Horse trainer Bill Boniface says Father Murphy is "the kind of man who is the same with the president as with the groom."

Mr. Boniface, who owns Bonita Farms in Darlington, knows Father Murphy as "sort of the farm chaplain" who likes to play the ponies but is "pretty much of a hunch player."

In some ways, he has lived his life by instinct.

At 14, Father Murphy chose the priesthood because "all of a sudden it seemed a good idea," he recalled. In his second year of seminary in New York, on a whim, he profiled St. Jerome as "the Irascible Hermit" for the Catholic World. Instead of the condemnation he expected, he earned the praise of the academic world for that article and a series on saints and church fathers that followed.

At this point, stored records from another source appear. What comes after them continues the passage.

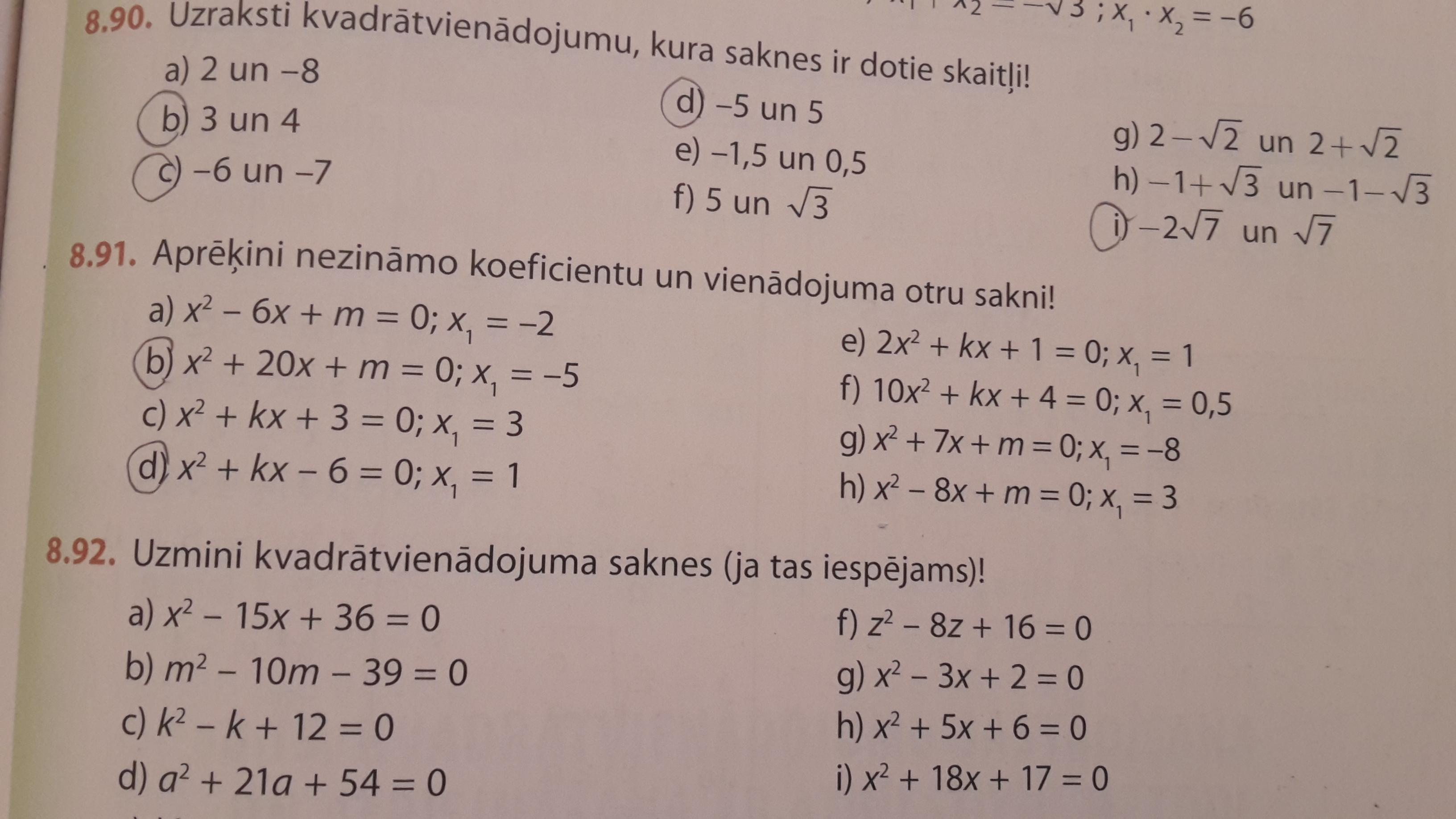 Прив. Нужна помощ по математике. Задание:Вычесли неизвестный коэфицент и второй корень уравнения Задание 8.91 делать только обведенное
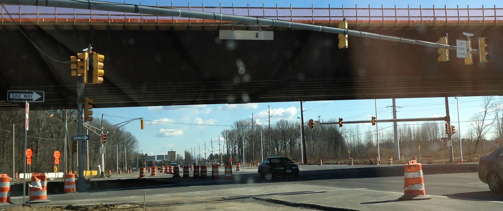 Bonus coverage from December 2013, when all the new ramps have opened: looking south along the former Interchange 8 onramp and the former toll plaza exit after the plaza has been removed, but still with an E-ZPass sign hanging out.
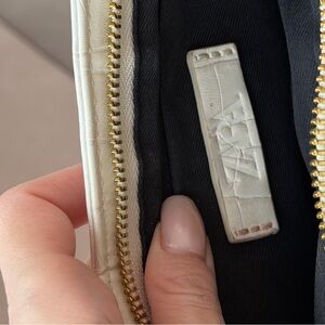 Zara Cream Croc-Embossed Shoulder Bag with Gold Chain
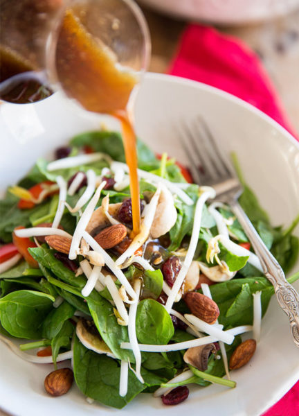 시금치 잎과 말린 크랜베리를 더한 이 프랑스식 샐러드는 다양한 맛이 조화롭게 어우러져 있습니다.

After earning master's and doctoral degrees at Catholic University, he became a chaplain at the Naval Academy.

Three years later, in 1948, he went to Rome to work with refugees and write for the Catholic News Service.

In 1951, he won a Bronze Star as a military chaplain in the Korean War, then served in Berlin and Paris before returning to a parish in the Bronx in 1958.

A year later, Father Murphy went to Rome to teach moral theology of the early church at the Academia Alfonsiana.

Soon after that, he invented the mysterious Xavier Rynne.

He later became rector of Holy Redeemer College in Washington, D.C.

He was a Woodrow Wilson scholar to Princeton and Johns Hopkins universities and taught at numerous colleges as a visiting professor.